**TASK REQUIREMENTS**. Output what the records say, word for word, with no images.

──────── DATA PROVIDED ────────

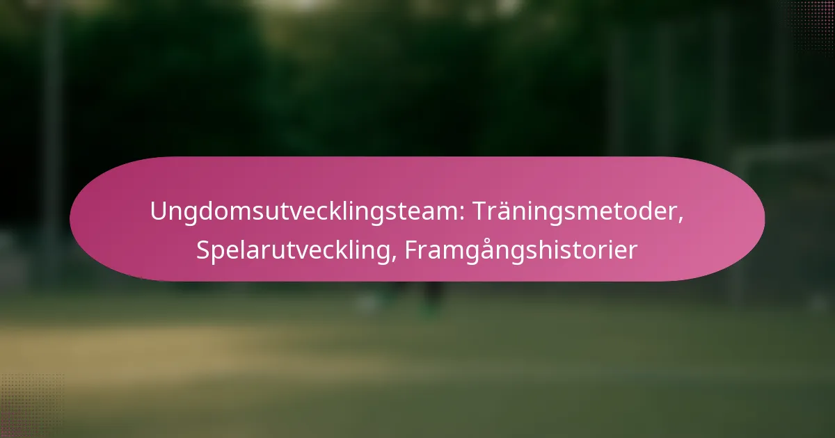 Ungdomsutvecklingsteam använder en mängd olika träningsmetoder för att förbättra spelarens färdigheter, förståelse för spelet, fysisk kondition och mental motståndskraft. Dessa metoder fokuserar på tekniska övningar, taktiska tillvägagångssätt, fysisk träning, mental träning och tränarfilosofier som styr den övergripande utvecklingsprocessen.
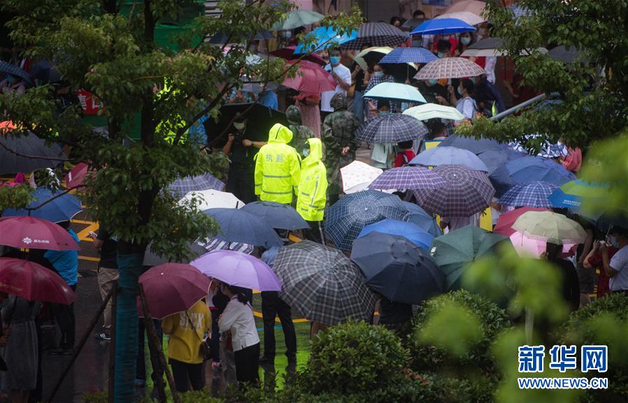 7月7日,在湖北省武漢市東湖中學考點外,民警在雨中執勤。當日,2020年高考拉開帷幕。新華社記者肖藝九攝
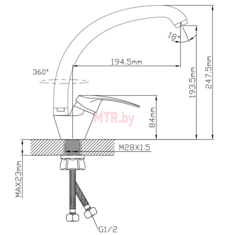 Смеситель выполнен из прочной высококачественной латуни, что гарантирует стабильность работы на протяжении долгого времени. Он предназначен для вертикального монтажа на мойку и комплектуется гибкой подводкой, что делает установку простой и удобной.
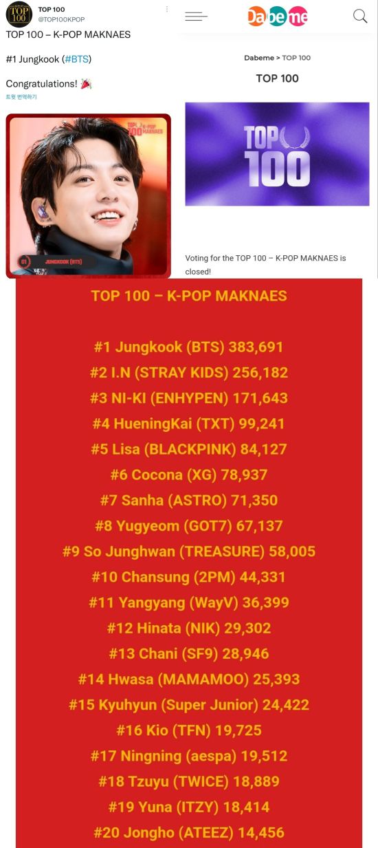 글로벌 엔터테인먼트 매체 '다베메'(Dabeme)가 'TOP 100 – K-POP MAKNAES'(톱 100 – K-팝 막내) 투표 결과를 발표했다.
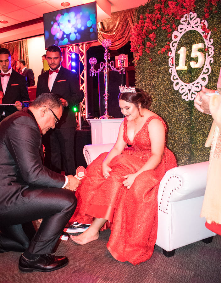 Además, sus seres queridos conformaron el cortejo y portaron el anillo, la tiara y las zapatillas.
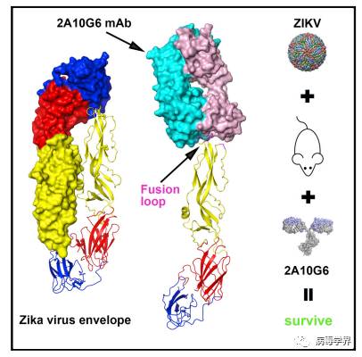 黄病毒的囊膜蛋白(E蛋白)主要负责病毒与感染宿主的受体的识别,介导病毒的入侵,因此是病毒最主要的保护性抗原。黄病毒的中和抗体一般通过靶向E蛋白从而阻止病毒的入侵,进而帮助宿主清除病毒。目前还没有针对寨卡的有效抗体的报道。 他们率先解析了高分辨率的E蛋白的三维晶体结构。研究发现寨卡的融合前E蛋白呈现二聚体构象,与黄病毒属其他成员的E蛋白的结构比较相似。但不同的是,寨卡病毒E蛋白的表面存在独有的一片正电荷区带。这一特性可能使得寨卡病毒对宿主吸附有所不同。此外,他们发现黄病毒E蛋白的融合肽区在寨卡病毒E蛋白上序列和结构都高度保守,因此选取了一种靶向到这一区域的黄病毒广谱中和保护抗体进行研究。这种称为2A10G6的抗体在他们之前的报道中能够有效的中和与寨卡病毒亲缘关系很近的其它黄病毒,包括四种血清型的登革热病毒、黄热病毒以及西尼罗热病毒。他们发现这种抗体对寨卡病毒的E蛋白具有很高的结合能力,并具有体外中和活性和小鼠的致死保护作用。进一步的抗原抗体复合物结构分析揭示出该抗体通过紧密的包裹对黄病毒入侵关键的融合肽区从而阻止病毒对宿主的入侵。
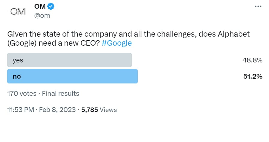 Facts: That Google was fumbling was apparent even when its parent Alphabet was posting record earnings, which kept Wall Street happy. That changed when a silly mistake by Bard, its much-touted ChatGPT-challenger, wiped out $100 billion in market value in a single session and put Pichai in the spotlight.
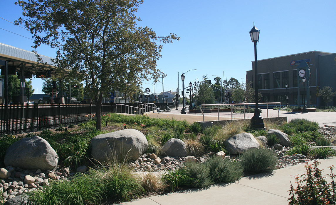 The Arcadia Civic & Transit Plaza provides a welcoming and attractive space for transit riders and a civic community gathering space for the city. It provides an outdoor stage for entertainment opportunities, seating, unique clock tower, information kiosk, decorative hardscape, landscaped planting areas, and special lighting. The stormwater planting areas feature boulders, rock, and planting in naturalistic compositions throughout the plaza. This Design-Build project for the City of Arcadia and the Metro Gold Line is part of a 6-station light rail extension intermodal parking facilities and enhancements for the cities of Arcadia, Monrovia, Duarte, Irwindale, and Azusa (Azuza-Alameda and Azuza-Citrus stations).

────────

**TASK RESPONSE**.
 Ungdomsutvecklingsteam använder en mängd olika träningsmetoder för att förbättra spelarens färdigheter, förståelse för spelet, fysisk kondition och mental motståndskraft. Dessa metoder fokuserar på tekniska övningar, taktiska tillvägagångssätt, fysisk träning, mental träning och tränarfilosofier som styr den övergripande utvecklingsprocessen.
 7月7日,在湖北省武漢市東湖中學考點外,民警在雨中執勤。當日,2020年高考拉開帷幕。新華社記者肖藝九攝
 Смеситель выполнен из прочной высококачественной латуни, что гарантирует стабильность работы на протяжении долгого времени. Он предназначен для вертикального монтажа на мойку и комплектуется гибкой подводкой, что делает установку простой и удобной.
 글로벌 엔터테인먼트 매체 '다베메'(Dabeme)가 'TOP 100 – K-POP MAKNAES'(톱 100 – K-팝 막내) 투표 결과를 발표했다.
 Además, sus seres queridos conformaron el cortejo y portaron el anillo, la tiara y las zapatillas.
 黄病毒的囊膜蛋白(E蛋白)主要负责病毒与感染宿主的受体的识别,介导病毒的入侵,因此是病毒最主要的保护性抗原。黄病毒的中和抗体一般通过靶向E蛋白从而阻止病毒的入侵,进而帮助宿主清除病毒。目前还没有针对寨卡的有效抗体的报道。 他们率先解析了高分辨率的E蛋白的三维晶体结构。研究发现寨卡的融合前E蛋白呈现二聚体构象,与黄病毒属其他成员的E蛋白的结构比较相似。但不同的是,寨卡病毒E蛋白的表面存在独有的一片正电荷区带。这一特性可能使得寨卡病毒对宿主吸附有所不同。此外,他们发现黄病毒E蛋白的融合肽区在寨卡病毒E蛋白上序列和结构都高度保守,因此选取了一种靶向到这一区域的黄病毒广谱中和保护抗体进行研究。这种称为2A10G6的抗体在他们之前的报道中能够有效的中和与寨卡病毒亲缘关系很近的其它黄病毒,包括四种血清型的登革热病毒、黄热病毒以及西尼罗热病毒。他们发现这种抗体对寨卡病毒的E蛋白具有很高的结合能力,并具有体外中和活性和小鼠的致死保护作用。进一步的抗原抗体复合物结构分析揭示出该抗体通过紧密的包裹对黄病毒入侵关键的融合肽区从而阻止病毒对宿主的入侵。
 Facts: That Google was fumbling was apparent even when its parent Alphabet was posting record earnings, which kept Wall Street happy. That changed when a silly mistake by Bard, its much-touted ChatGPT-challenger, wiped out $100 billion in market value in a single session and put Pichai in the spotlight.
 The Arcadia Civic & Transit Plaza provides a welcoming and attractive space for transit riders and a civic community gathering space for the city. It provides an outdoor stage for entertainment opportunities, seating, unique clock tower, information kiosk, decorative hardscape, landscaped planting areas, and special lighting. The stormwater planting areas feature boulders, rock, and planting in naturalistic compositions throughout the plaza. This Design-Build project for the City of Arcadia and the Metro Gold Line is part of a 6-station light rail extension intermodal parking facilities and enhancements for the cities of Arcadia, Monrovia, Duarte, Irwindale, and Azusa (Azuza-Alameda and Azuza-Citrus stations).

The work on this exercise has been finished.